▶ [Dataset entries]:

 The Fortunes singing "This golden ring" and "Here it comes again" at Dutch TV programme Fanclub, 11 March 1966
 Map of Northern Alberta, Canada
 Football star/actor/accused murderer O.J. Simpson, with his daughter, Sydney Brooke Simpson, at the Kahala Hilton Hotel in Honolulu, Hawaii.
* * *
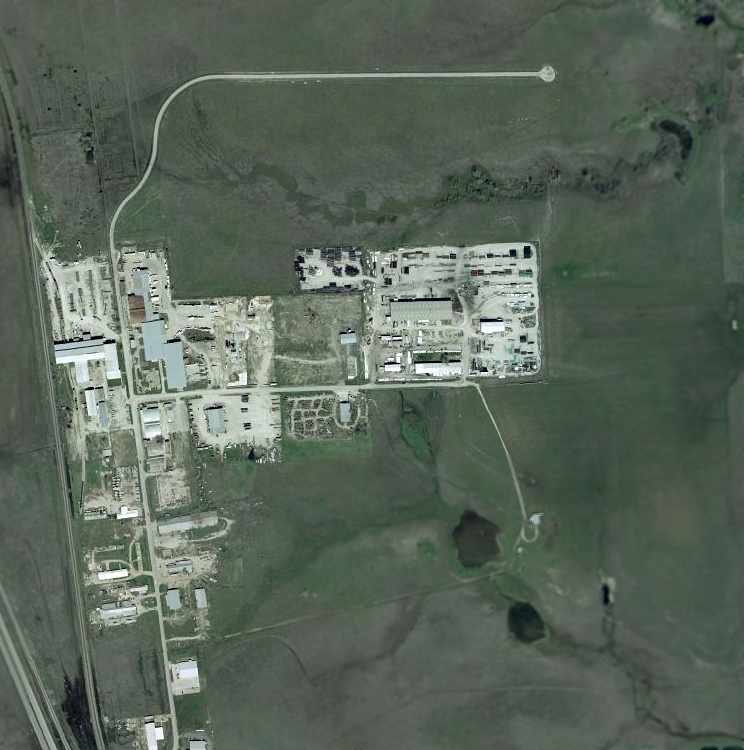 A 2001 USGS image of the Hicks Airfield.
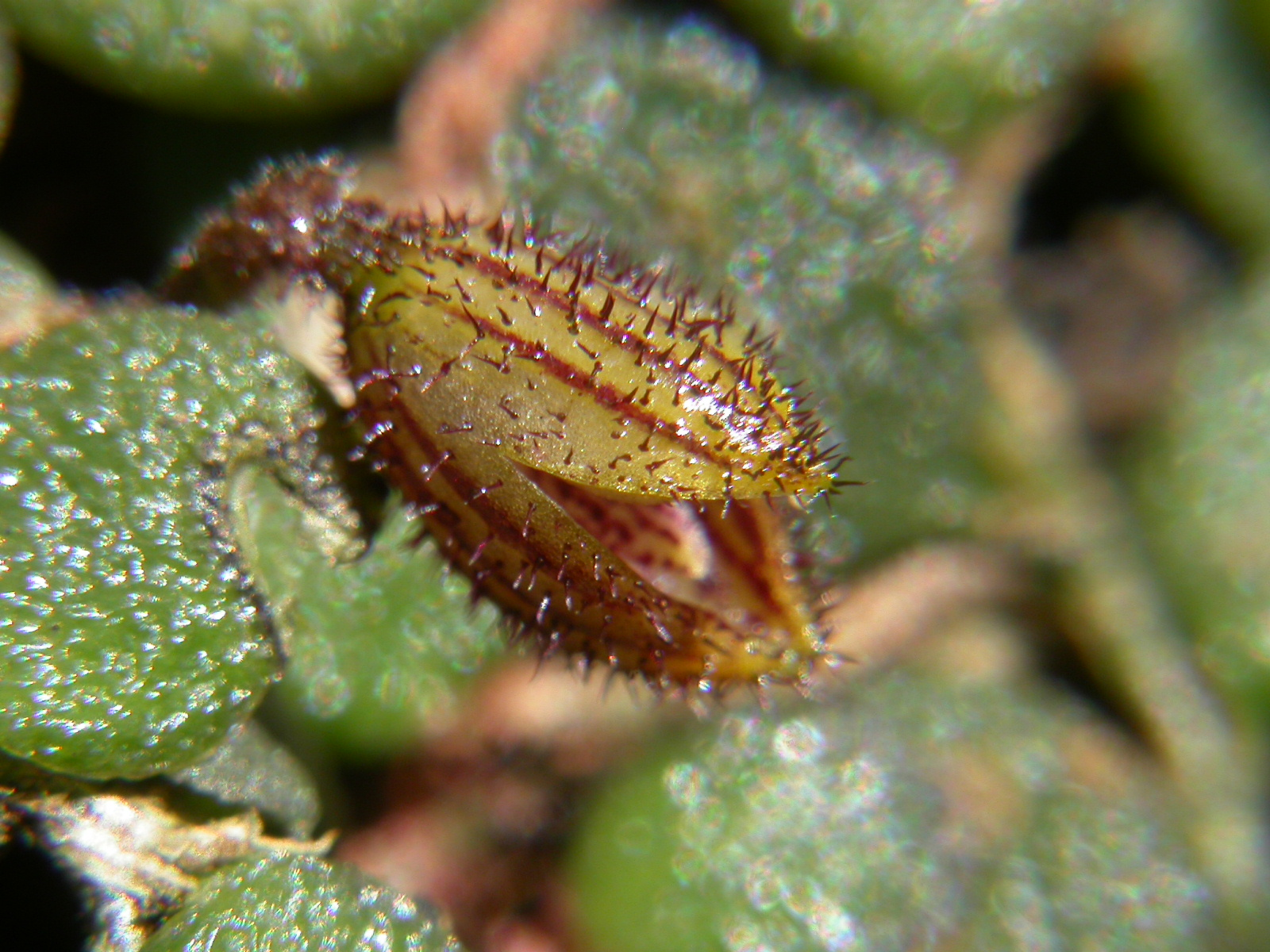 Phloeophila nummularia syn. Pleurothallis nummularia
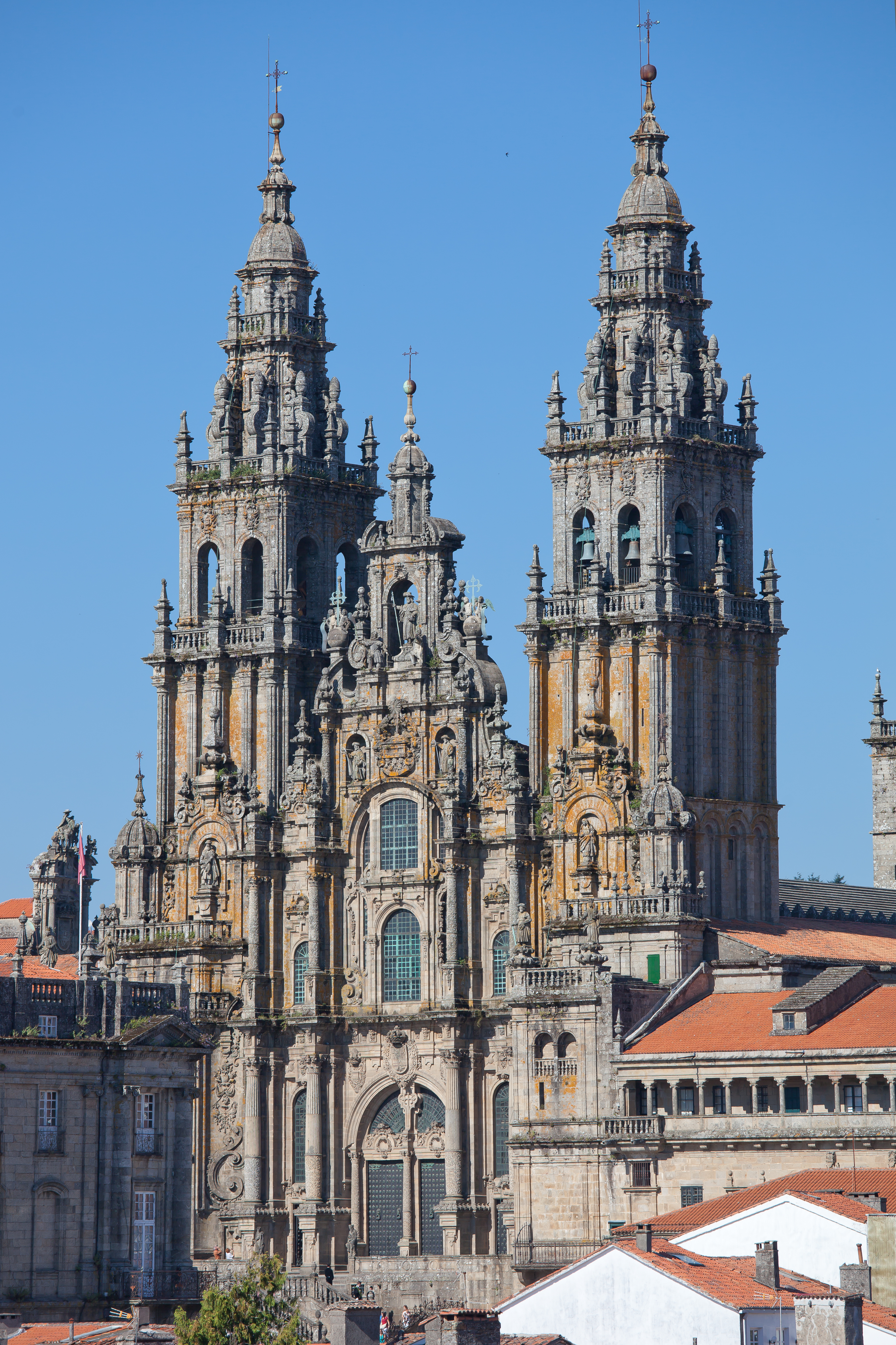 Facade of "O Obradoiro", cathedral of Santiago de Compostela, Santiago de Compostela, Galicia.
* * *
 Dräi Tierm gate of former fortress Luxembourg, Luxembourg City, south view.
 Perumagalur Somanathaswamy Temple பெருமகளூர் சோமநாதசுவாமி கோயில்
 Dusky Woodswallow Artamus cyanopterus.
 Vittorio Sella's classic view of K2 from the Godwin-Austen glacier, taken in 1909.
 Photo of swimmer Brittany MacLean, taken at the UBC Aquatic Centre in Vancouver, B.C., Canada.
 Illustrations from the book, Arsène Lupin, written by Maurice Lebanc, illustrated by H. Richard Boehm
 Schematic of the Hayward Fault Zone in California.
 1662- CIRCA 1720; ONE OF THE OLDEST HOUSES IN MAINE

▶ [Work order]: Every line of the records containing the word "taken" must appear in the answer.

▶ [Result of the task]:
 Vittorio Sella's classic view of K2 from the Godwin-Austen glacier, taken in 1909.
 Photo of swimmer Brittany MacLean, taken at the UBC Aquatic Centre in Vancouver, B.C., Canada.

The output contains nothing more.